Versículo 29. Si me alegré en el quebrantamiento del que me aborrecía, y me regocijé cuando le halló el mal;

Versículo 30. (Que ni aun entregué al pecado mi paladar, pidiendo maldición para su alma;)

Versículo 31. Cuando mis domésticos decían: ¡Quién nos diese de su carne! nunca nos hartaríamos.

Versículo 32. El extranjero no tenía fuera la noche; mis puertas abría al caminante.

Versículo 33. Si encubrí, como los hombres mis prevaricaciones, escondiendo en mi seno mi iniquidad;

Versículo 34. Porque quebrantaba á la gran multitud, y el menosprecio de las familias me atemorizó, y callé, y no salí de mi puerta:

Versículo 35. ¡Quién me diera quien me oyese! He aquí mi impresión es que el Omnipotente testificaría por mí, aunque mi adversario me hiciera el proceso.
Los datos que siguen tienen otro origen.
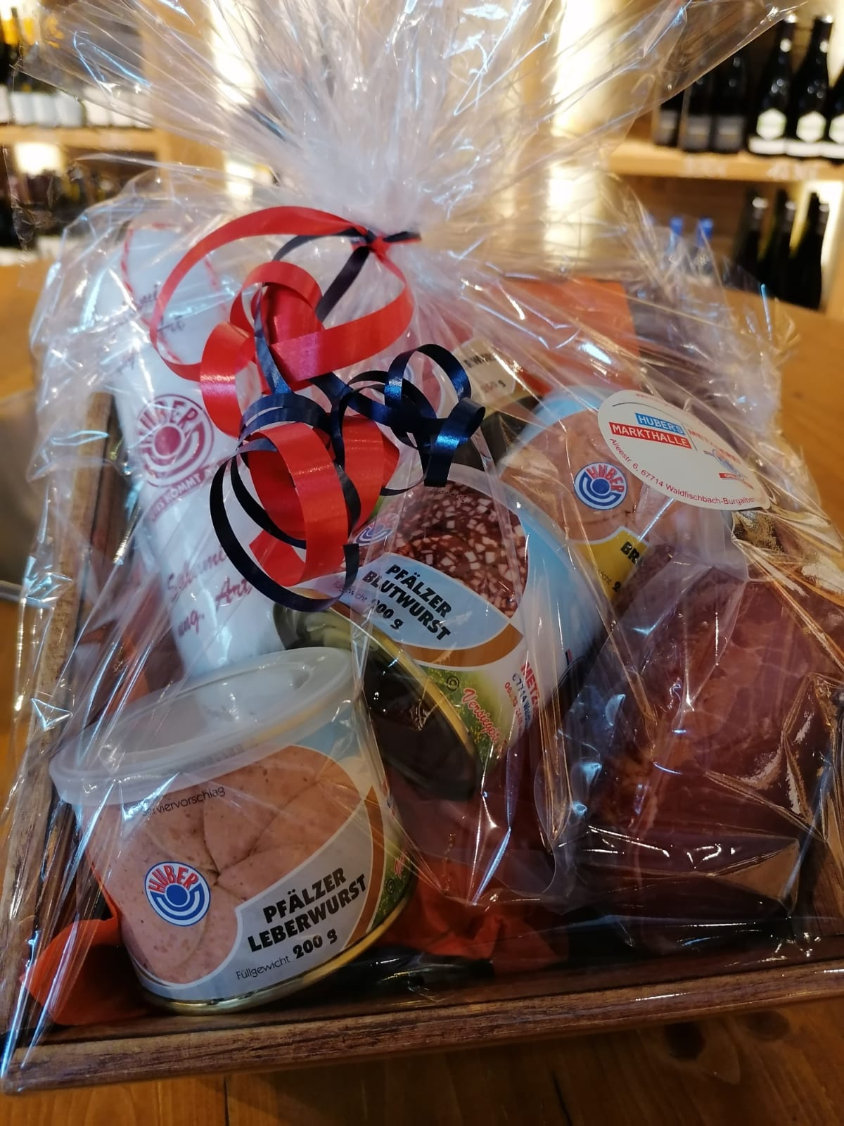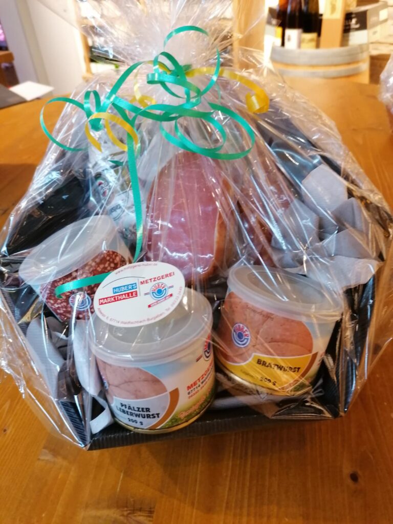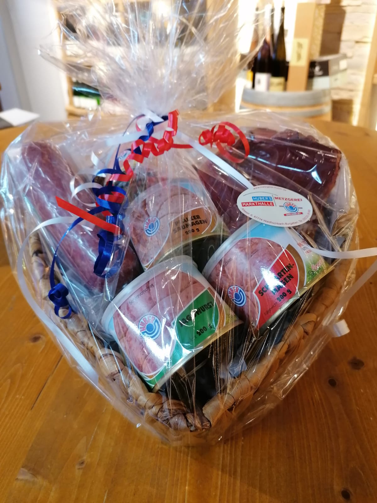 Jeder Korb wird Ihren Wünschen entsprechend individuell bestückt und so genau auf den Empfänger und Anlass abgestimmt. In unserem Sortiment finden Sie stets eine feine Auswahl an Weinen, Delikatessen und Wurstwaren, die wir für Sie gerne zusammenstellen.

Versículo 36. Ciertamente yo lo llevaría sobre mi hombro, y me lo ataría en lugar de corona.

Versículo 37. Yo le contaría el número de mis pasos, y como príncipe me llegaría á él.

Versículo 38. Si mi tierra clama contra mí, y lloran todos sus surcos;

Versículo 39. Si comí su sustancia sin dinero, ó afligí el alma de sus dueños;

Versículo 40. En lugar de trigo me nazcan abrojos, y espinas en lugar de cebada. Acábanse las palabras de Job.